**Problem requirements:** Quote word for word the lines starting at the line with "Join us for" and ending at the final line of the entries. Leave out any pictures.
====== Given data ======
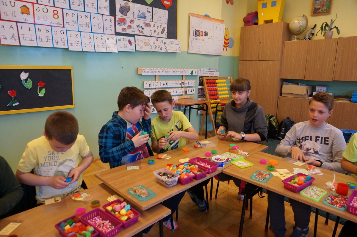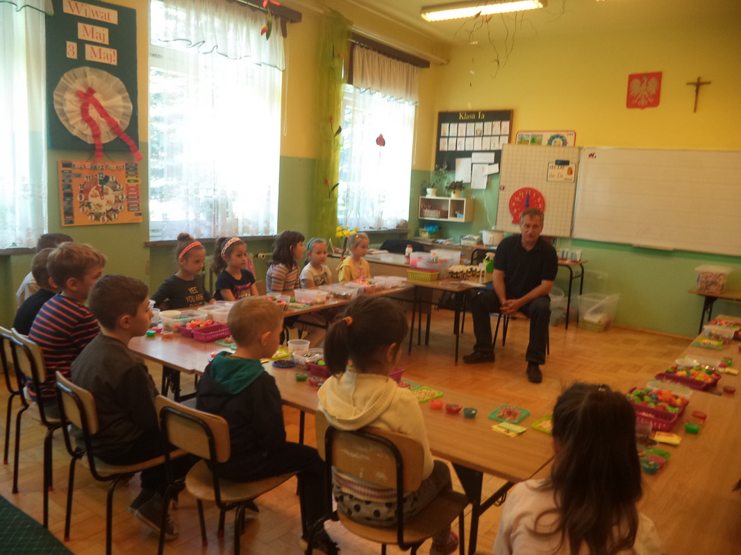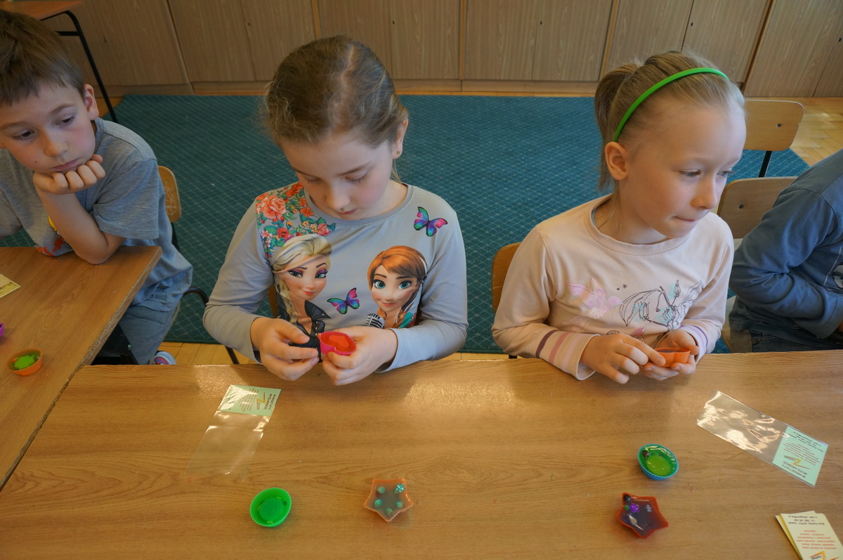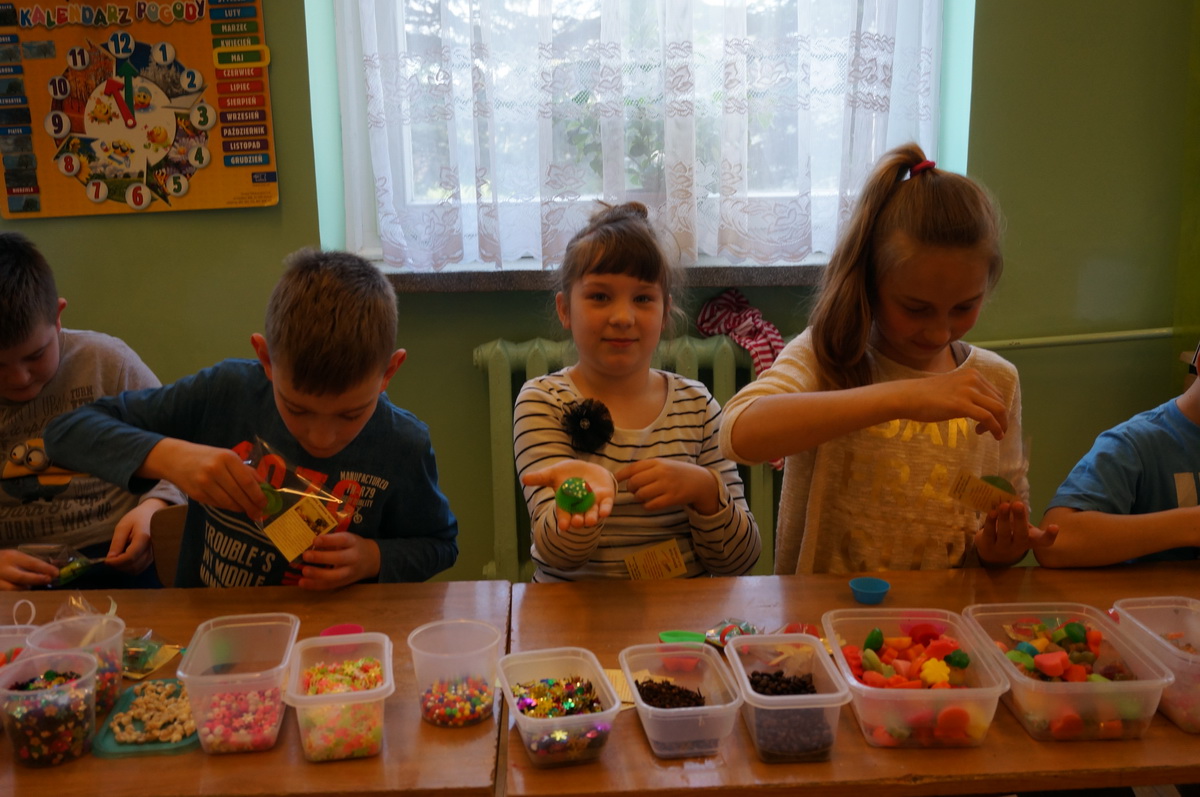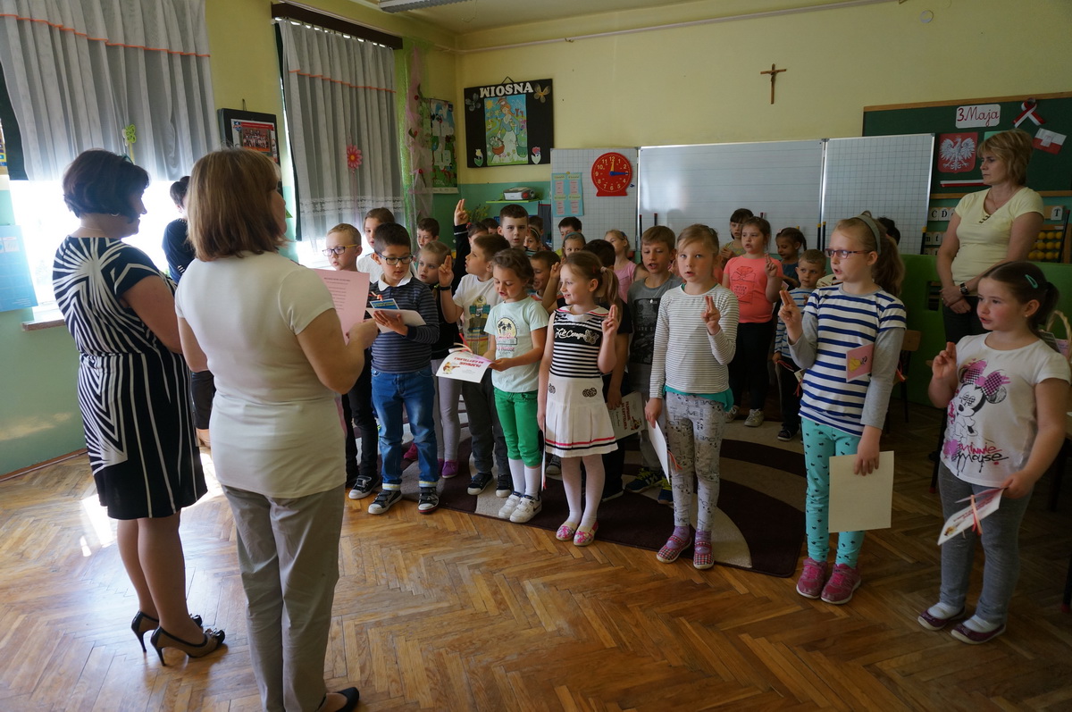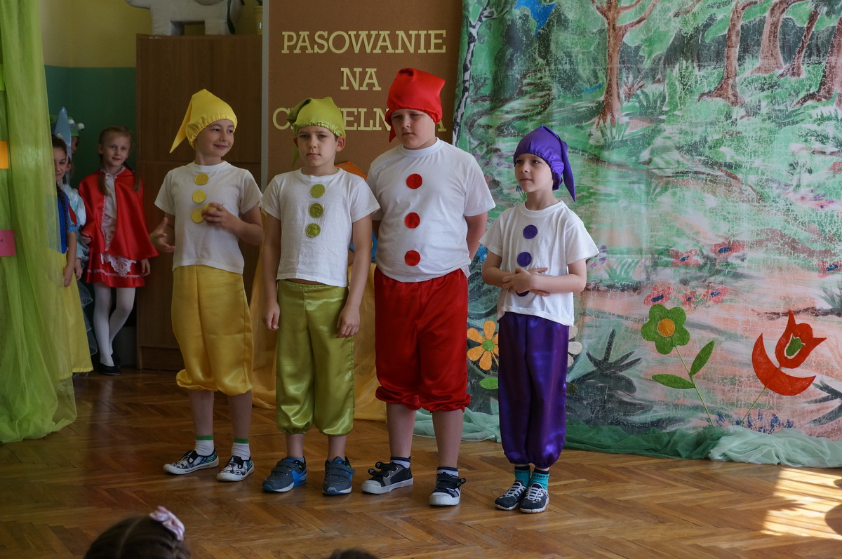 Pasowanie uczniów klas pierwszych na czytelników biblioteki na stałe wpisało się do kalendarza uroczystości szkolnych. Zazwyczaj uroczystość ta odbywa się w II semestrze, kiedy uczniowie znają już prawie cały alfabet. Pierwsze spotkanie z biblioteką szkolną to wyjątkowa uroczystość, a pierwsza wypożyczona książka powinna być na długo zapamiętana. Specjalnie na tę okazję została przygotowana krótka część artystyczna, pt.'' Spotkanie bajek" w wykonaniu uczniów z klasy IIa. Na scenie zobaczyliśmy między innymi krasnoludki, Jasia i Małgosię, Babę Jagę, Śnieżkę, Czerwonego Kapturka, wilka, Kopciuszka oraz Calineczkę. Uczniowie klas pierwszych doskonale poradzili sobiez bajkowymi zagadkami, które sprawdziły ich znajomość bohaterów baśni i bajek. Następnie pani Irena Bielawska zapoznała wszystkich z regulaminem biblioteki, przypominając o ważnych zasadach, które należy przestrzegać oraz sposobie wypożyczania. Skupione i poważne pierwszaki w obecności pani dyrektor Beaty Kowal i wice dyrektor Marii Skały uroczyście przyrzekły, że będą kochać i szanować książki, korzystać z ich mądrości i sumiennie wypełniać obowiązki czytelnika. Po przyrzeczeniu nastąpiło uroczyste pasowanie, którego dokonała pani dyrektor. Jednocześnie pogratulowała wszystkim uczniom i życzyła wspaniałych przygód w świecie książek. Wręczyła też pamiątkowe dyplomy oraz zakładki. Dnia 5 i 6 maja 2016r. odbyły się w naszej szkole warsztaty mydlarskie, w których udział wzięli uczniowie z klas 1-3. Mieli okazję dowiedzieć się jak wygląda produkcja mydła oraz wysłuchać historii jego powstania. Podczas zajęć uczestnicy samodzielnie wykonywali mydełka o rozmaitych zapachach, wzorach i kolorach. Wszyscy z ochotą tworzyli własne kompozycje zapachowe, wykorzystując do tego glicerynę, olejki zapachowe oraz elementy dekoracyjne. W całej szkole wspaniale pachniało, a pięknie zapakowane mydełka stanowiły oryginalny prezent.
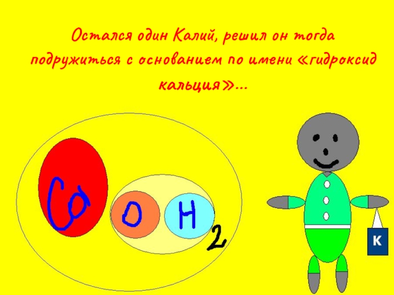 Слайд 9Остался один Калий, решил он тогда подружиться с основанием по имени
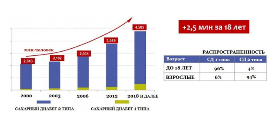 Сахарный диабет I типа 256 000 чел., 6% от общего количества больных.
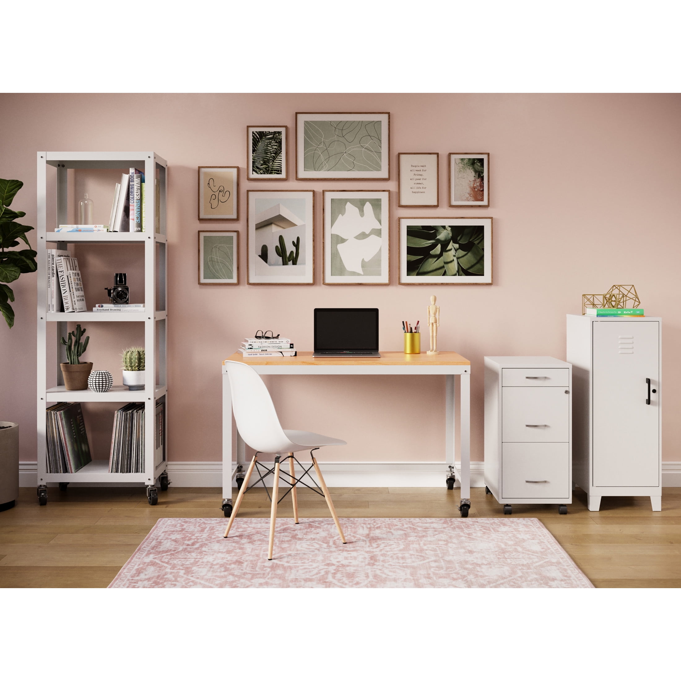 The Mobile Desk is part of our home office furniture collection. Our contemporary office collection offers a minimalist style that suits any work type, personal or professional. Our mobile desk features durable laminate wood and steel construction to provide the strength and support required for long-term use. At 48 inches wide, our mobile desk is the perfect size for your modern workplace at home or in the office. The clean, simple, and modern furniture design of this metal desk integrates well into any space and makes it easy to pair a mobile filing cabinet or bookcase for additional storage solutions. The spacious workspace provides you with ample leg room, and the wheels make it easy to move to any space in your home or office. The Mobile Desk does require assembly upon delivery. Color: White / Maple
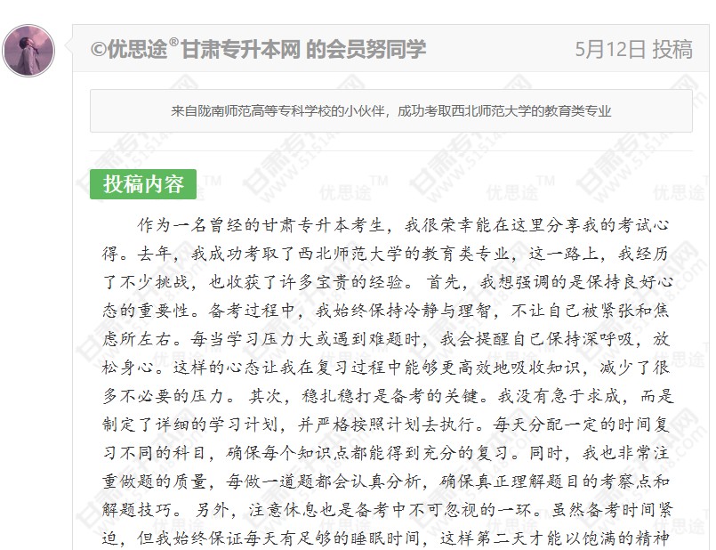 TAGS:甘肃专升本 心得分享内容摘要:我是一名甘肃专升本艺术类的考生,通过优思途开启了备考之旅。短短一个月时间,依托优思途网站丰富且专业的课程,我全身心投入学习,最终在考试中取得了理想成绩,成功叩响梦想学府之门。...
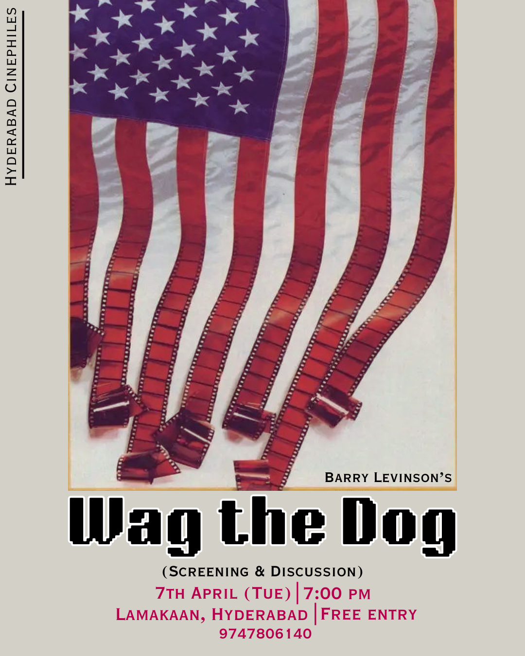Join us for a screening of "Wag the Dog" on 7th April, Tuesday, at 7pm, at Lamakaan, Banjara Hills, Hyderabad. Entry is free.
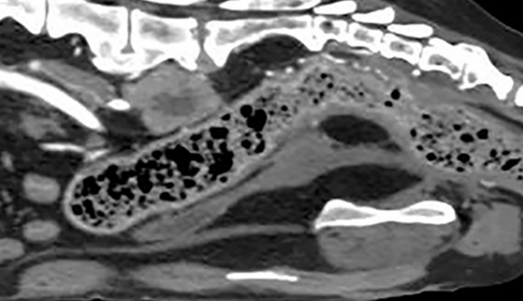 Mercredi 5 Septembre 2018 Animaux de compagnieReconstruction sagittale d'un scanner abdominal.
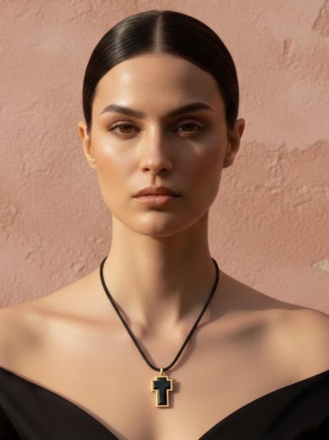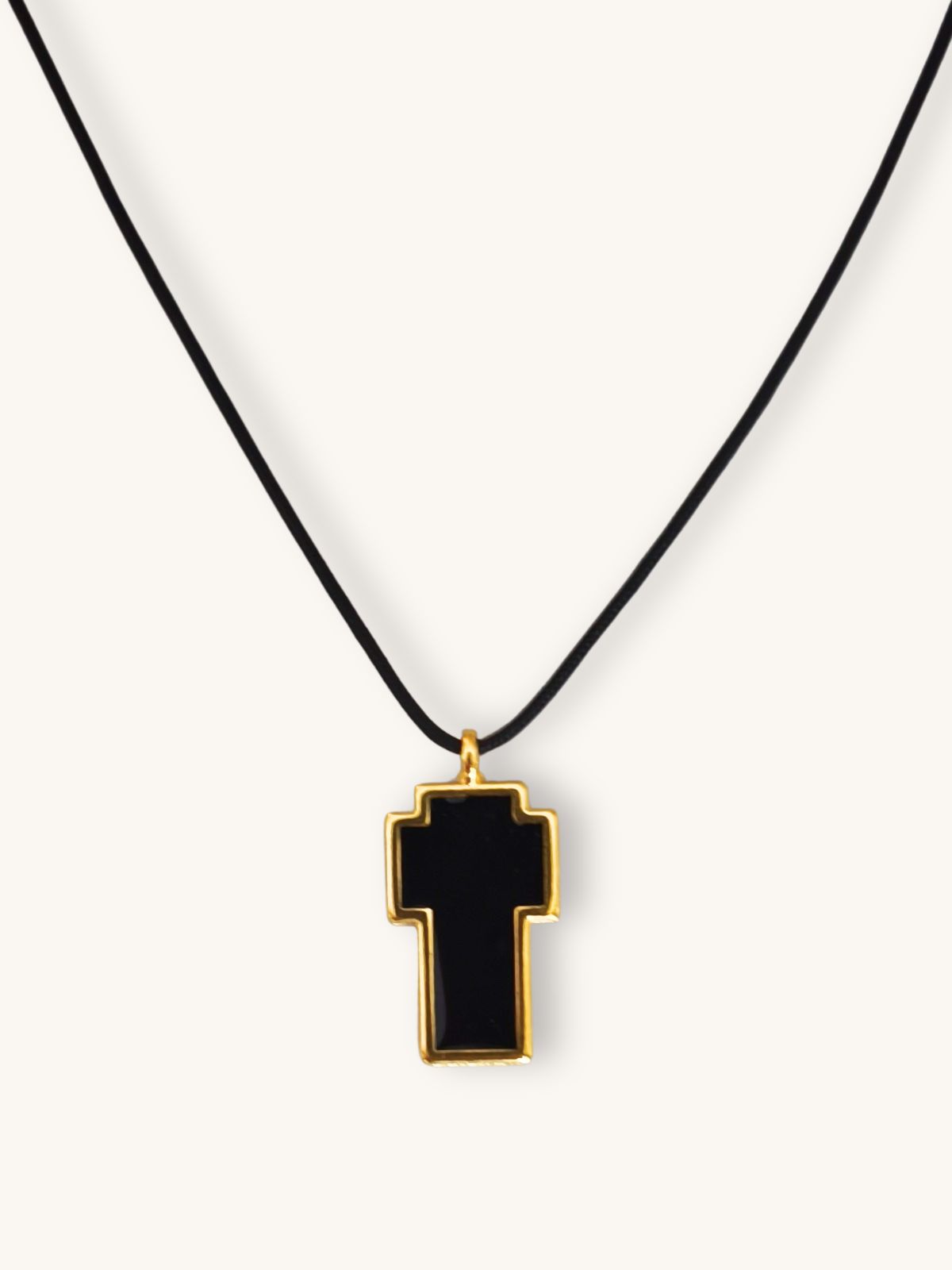 Statement κολιέ κορδόνι με μεγάλο μαύρο σταυρό — bold, μοντέρνο και εντυπωσιακό, αποτελεί ιδανικό κομμάτι για όσους αγαπούν δυναμικά, καθαρά σχήματα και contemporary αισθητική. Φοριέται εύκολα μόνο του ή ως το κεντρικό στοιχείο ενός minimal look.
======
**Answer space:**
Join us for a screening of "Wag the Dog" on 7th April, Tuesday, at 7pm, at Lamakaan, Banjara Hills, Hyderabad. Entry is free.
 Mercredi 5 Septembre 2018 Animaux de compagnieReconstruction sagittale d'un scanner abdominal.
 Statement κολιέ κορδόνι με μεγάλο μαύρο σταυρό — bold, μοντέρνο και εντυπωσιακό, αποτελεί ιδανικό κομμάτι για όσους αγαπούν δυναμικά, καθαρά σχήματα και contemporary αισθητική. Φοριέται εύκολα μόνο του ή ως το κεντρικό στοιχείο ενός minimal look.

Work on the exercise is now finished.